» What is needed
What is needed is a verbatim copy of the data, minus the pictures.

+++ Supplied material

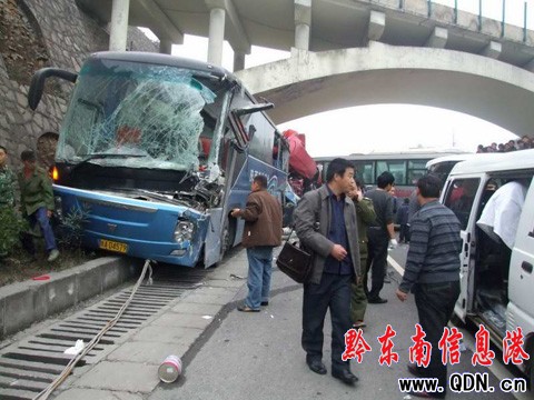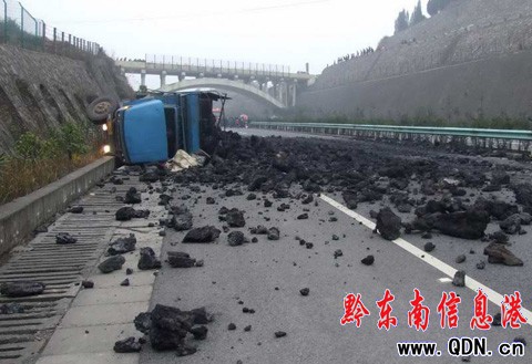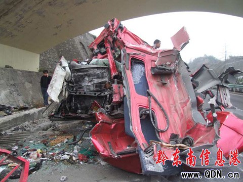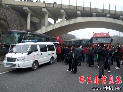 本港訊 (劉澤漢 攝影報道)2010年2月27日,三穗縣境內的滬昆高速公路發(fā)生一起5車連環(huán)撞車事故。當日7時10分許,一輛運煤卡車在三穗縣境內的滬昆高速(下行線)1569公里加500米處側翻,后一輛客車緊急剎車,后面一輛掛車與兩輛中巴車躲避不及連續(xù)發(fā)生追尾并撞上停在路邊的另一輛大客車。事故發(fā)生后,高速路政、武警消防、高速交警、醫(yī)務人員迅速趕到現(xiàn)場施救。事故造成掛車駕駛室內1人死亡、1人重傷、 1人輕傷,另外一輛客車2人輕傷。
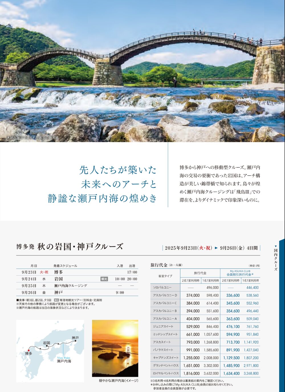 飛鳥III(あすか3)の2025クルーズプランは下記のデジタルパンフレットをご覧ください。
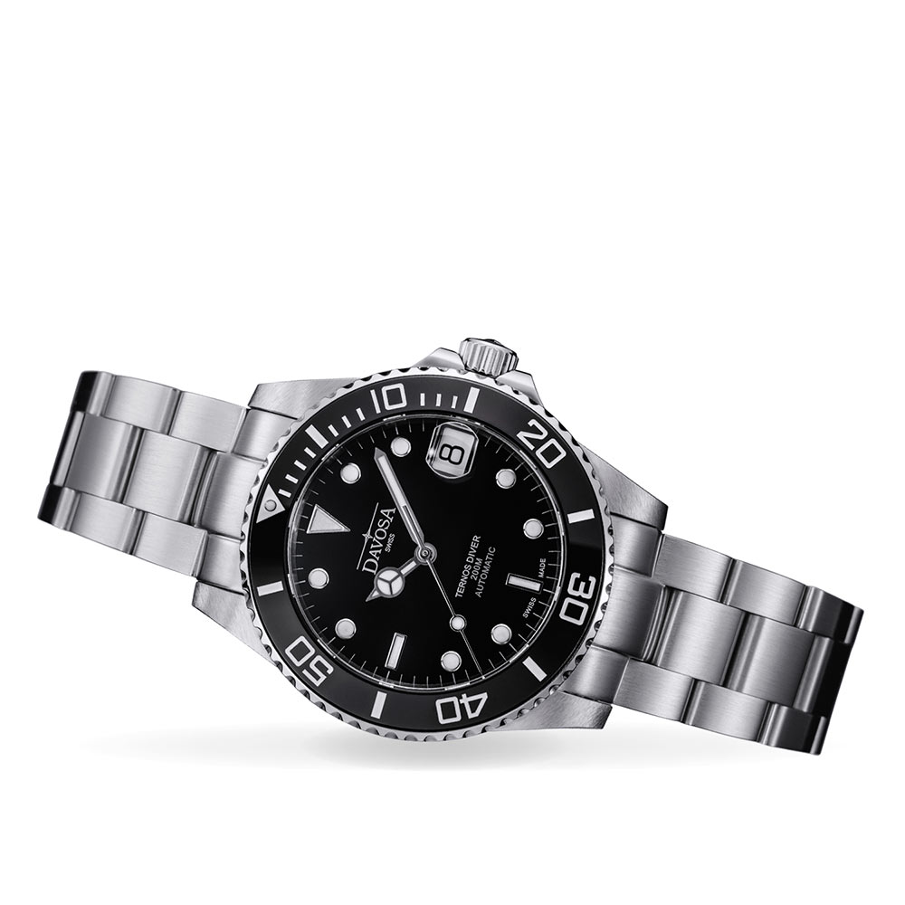 Proponowany model w stylu nurkowym z kolekcji TERNOS spełnia kryteria wysokiej jakości, udokumentowanej sygnaturą SWISS MADE, a także wizualnej klasy. Jej owoc widać nie tylko w srebrno-czarnej kolorystyce, ale również w składających się na tożsamość urządzenia dwojakich kształtach oznaczeń godzinowych, czy w dodających sportowego wydźwięku wskazówkach. Wspomniane oznaczenia godzinowe — te na tarczy — wraz ze wskazówkami pokryte zostały substancją luminescencyjną. Jej zadaniem jest oświetlanie tych elementów w sytuacji braku światła niezbędnego do odczytu czasu. Rozwiązanie to docenią z pewnością osoby znajdujące się w zaciemnionych, podwodnych zakątkach. Szwajcarscy producenci umieścili na zegarku dodatkową podziałkę minutową obecnej na czarnym pierścieniu z nowoczesnej ceramiki. Jej celem jest wygodniejsza orientacja w przedziale minutowym, a także uzupełnienie sportowego designu. Wśród funkcji znajduje się także datownik na godzinie trzeciej, który wyjątkowo zawiera w sobie lupkę powiększającą. Cyferblat osłania najwyższej jakości szkło szafirowe, na które nałożona jest powłoka antyrefleksyjna. Samo szkło cechuje nieskazitelna przejrzystość natomiast dzięki swej specyfice, gwarantuje wysoką odporność na zarysowania. Dodatkowo, za sprawą powłoki zapewnia odbicie niepożądanych refleksów słonecznych, działając na rzecz dokładnego odczytu godziny w każdych warunkach świetlnych. Koperta z koronką i bransoletą wykonane zostały ze stali szlachetnej, która uchroni powierzchnię części przed korozją.

++++++

» Solution for this problem
 本港訊 (劉澤漢 攝影報道)2010年2月27日,三穗縣境內的滬昆高速公路發(fā)生一起5車連環(huán)撞車事故。當日7時10分許,一輛運煤卡車在三穗縣境內的滬昆高速(下行線)1569公里加500米處側翻,后一輛客車緊急剎車,后面一輛掛車與兩輛中巴車躲避不及連續(xù)發(fā)生追尾并撞上停在路邊的另一輛大客車。事故發(fā)生后,高速路政、武警消防、高速交警、醫(yī)務人員迅速趕到現(xiàn)場施救。事故造成掛車駕駛室內1人死亡、1人重傷、 1人輕傷,另外一輛客車2人輕傷。
 飛鳥III(あすか3)の2025クルーズプランは下記のデジタルパンフレットをご覧ください。
 Proponowany model w stylu nurkowym z kolekcji TERNOS spełnia kryteria wysokiej jakości, udokumentowanej sygnaturą SWISS MADE, a także wizualnej klasy. Jej owoc widać nie tylko w srebrno-czarnej kolorystyce, ale również w składających się na tożsamość urządzenia dwojakich kształtach oznaczeń godzinowych, czy w dodających sportowego wydźwięku wskazówkach. Wspomniane oznaczenia godzinowe — te na tarczy — wraz ze wskazówkami pokryte zostały substancją luminescencyjną. Jej zadaniem jest oświetlanie tych elementów w sytuacji braku światła niezbędnego do odczytu czasu. Rozwiązanie to docenią z pewnością osoby znajdujące się w zaciemnionych, podwodnych zakątkach. Szwajcarscy producenci umieścili na zegarku dodatkową podziałkę minutową obecnej na czarnym pierścieniu z nowoczesnej ceramiki. Jej celem jest wygodniejsza orientacja w przedziale minutowym, a także uzupełnienie sportowego designu. Wśród funkcji znajduje się także datownik na godzinie trzeciej, który wyjątkowo zawiera w sobie lupkę powiększającą. Cyferblat osłania najwyższej jakości szkło szafirowe, na które nałożona jest powłoka antyrefleksyjna. Samo szkło cechuje nieskazitelna przejrzystość natomiast dzięki swej specyfice, gwarantuje wysoką odporność na zarysowania. Dodatkowo, za sprawą powłoki zapewnia odbicie niepożądanych refleksów słonecznych, działając na rzecz dokładnego odczytu godziny w każdych warunkach świetlnych. Koperta z koronką i bransoletą wykonane zostały ze stali szlachetnej, która uchroni powierzchnię części przed korozją.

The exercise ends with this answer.